Остров Элефантина покрывали деревья, как ни одно другое место в Египте. Половодье приносило их семена в течение тысяч лет, и они укоренялись в плодородных наносных почвах, также оставленных бурными водами Нила. Во время моей последней поездки в Элефантину, когда я наблюдал за изменением уровня воды в реке от имени вельможи Интефа, Стража вод, я провел много месяцев на этом острове. С помощью старшего садовника я составил список названий и описания всех растений дворцовых садов и теперь рассказывал о них своей госпоже. Там росли фикусы, деревья, которые нельзя встретить ни в каком ином месте Египта. Их плоды зреют не на ветвях, как на других деревьях, а на стволе, а корни извиваются и переплетаются, как совокупляющиеся питоны. Были там также деревья-драконы, чья кора, если ее порезать, пускала струйку ярко-красного сока. Были там смоковницы Куша и сотни других деревьев, простиравших тенистый шатер над зеленым островком.

Царский дворец был построен на прочном материковом граните, который лежал под плодородной почвой острова, образуя его каркас. Я часто поражался тому, что все цари, все фараоны пятидесяти династий, уходящих корнями более чем на тысячу лет в глубину нашей истории, тратили столько жизненных сил и сокровищ на строительство обширных вечных гробниц из гранита и мрамора, а жизнь проводили в дворцах с глинобитными стенами и соломенными крышами. По сравнению с великолепным погребальным храмом фараона Мамоса в Карнаке его дворец на острове был весьма скромным строением, и ему явно не хватало правильности линий и симметрии, что оскорбляло мои чувства математика и архитектора. Хотя это столпотворение зданий из красной глины и покосившихся крыш и не было лишено определенного деревенского очарования, но у меня руки сами тянулись к линейке и отвесу, когда я смотрел на них.

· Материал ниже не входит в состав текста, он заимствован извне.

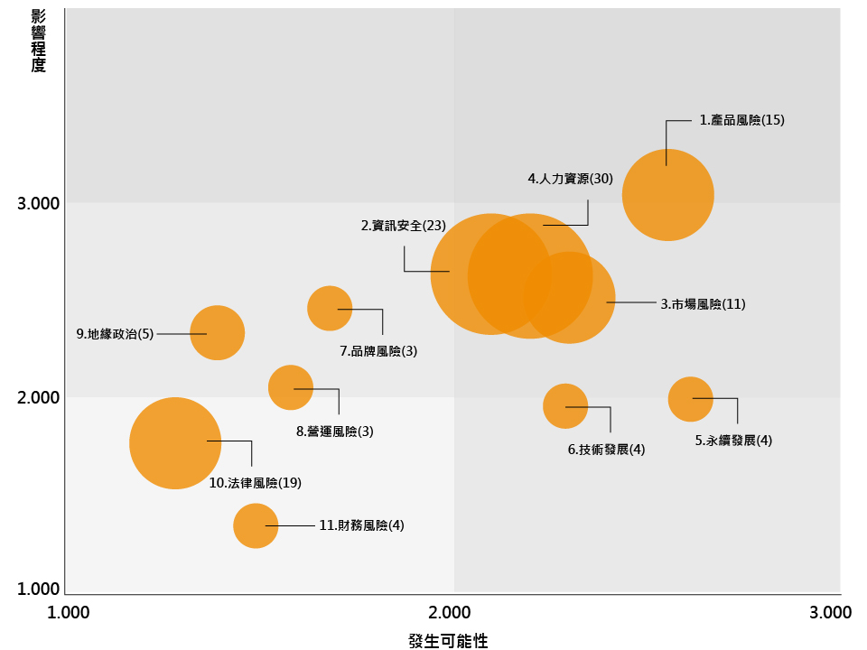 各部門以定量與定性分析方法,定期盤點業務風險,涵蓋經濟、環境、社會、法規等層面,評估其發生機率與影響,確定風險等級。

Как только мы сошли на берег и были доставлены в покои, отведенные Лостре на женской половине, истинная прелесть Элефантины открылась нам. Мы, конечно, поселились в окруженном стеной гареме на северной части острова. Размеры и обстановка нашего жилища подтверждали наше привилегированное положение как при царе, так и при постельничем. Атон отвел нам эти помещения, а он, как и большинство придворных, оказался совершенно беззащитным против природных чар моей госпожи и превратился в самого страстного ее обожателя.

Он предоставил в наше распоряжение около дюжины просторных комнат со своим двориком и своими кухнями. Боковая калитка в главной стене гарема вела прямо к реке и каменной пристани. В первый же день я приобрел плоскодонную лодочку, на которой можно было охотиться на водяную дичь и ловить рыбу. Я держал ее у каменной пристани.